Quant au taux de chômage dans la zone euro, il est monté à 7,8% en novembre, son plus haut niveau depuis presque deux ans. Le nombre de sans emploi a dépassé la barre des 12 millions.

Pour l'ensemble des 27 pays de l'Union européenne, le nombre de chômeurs approchait en novembre les 17,5 millions.

Alors que le chômage monte en flèche aux Etats-Unis aussi, le président élu Barack Obama devait prononcer jeudi un "discours majeur" à 16H00 GMT, dans lequel il devait donner des détails sur son plan de relance, qui va "sauver ou créer" trois millions d'emplois d'ici à 2011, selon son équipe de transition.

De sombres prévisions du Congrès américain dévoilées mercredi montrent l'ampleur de la tâche qui l'attend à partir du 20 janvier, date de son entrée en fonction.
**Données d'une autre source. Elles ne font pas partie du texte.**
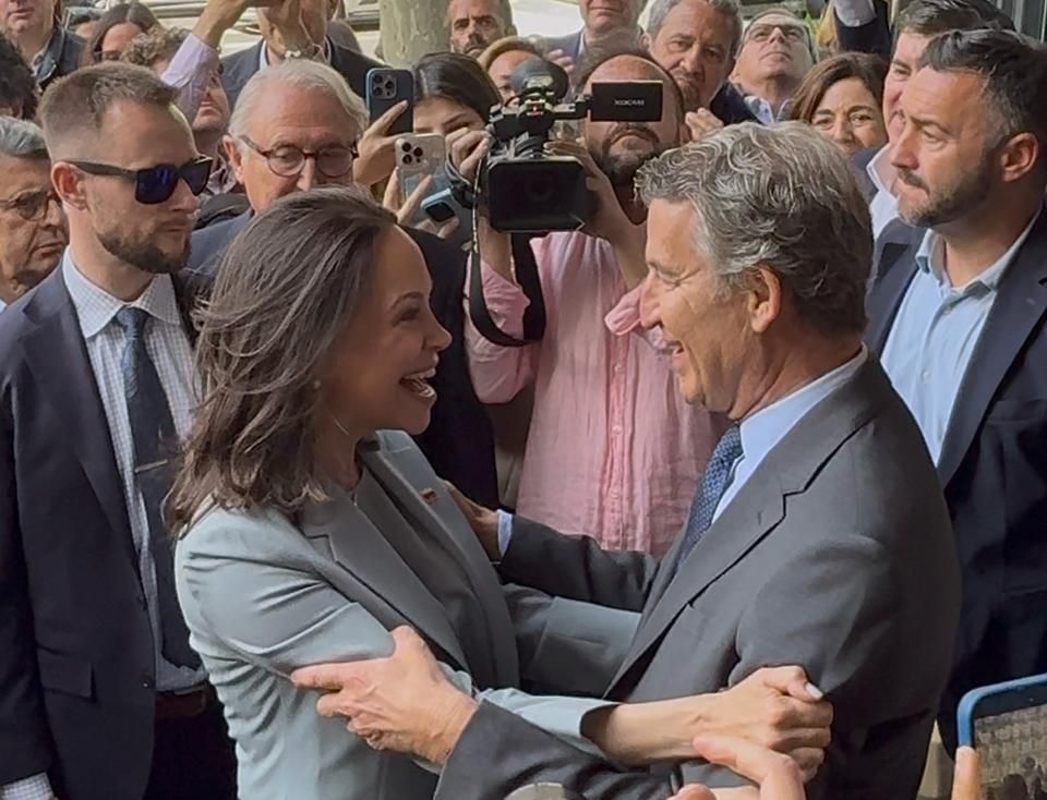 Feijóo recibe a María Corina Machado en Génova con un abrazo: "Valiente"

Selon un rapport du bureau du Budget du Congrès américain (CBO), le budget des Etats-Unis devrait essuyer un déficit faramineux de 1.200 milliards de dollars cette année, soit 8,3% du PIB contre 3,1% l'an dernier.

De plus, les chiffres prévisionnels du CBO ne prennent pas en compte le plan de relance d'au moins 775 milliards de dollars, sur deux ans, préparé par la future administration Obama.

Lorsque le coût du plan pour l'exercice en cours sera connu, le déficit dépassera très probablement les 10% du PIB, ce qui en fera l'un des plus importants depuis la Seconde Guerre mondiale, au cours de laquelle le déficit avait avoisiné les 30% du PIB.

Parmi d'autres sombres prévisions, le CBO estime que le taux de chômage américain devrait atteindre 9% en 2010, contre 6,7% actuellement, et que le PIB va chuter de 2,2% en 2009.

L'effet dévastateur de ces chiffres s'est ajouté mercredi à ceux d'une étude du cabinet en ressources humaines ADP, selon laquelle le secteur privé américain a détruit 693.000 emplois en décembre, soit environ 200.000 de plus que ce qui était attendu.

Les chiffres officiels de l'emploi américain sont attendus -- avec appréhension -- vendredi après-midi.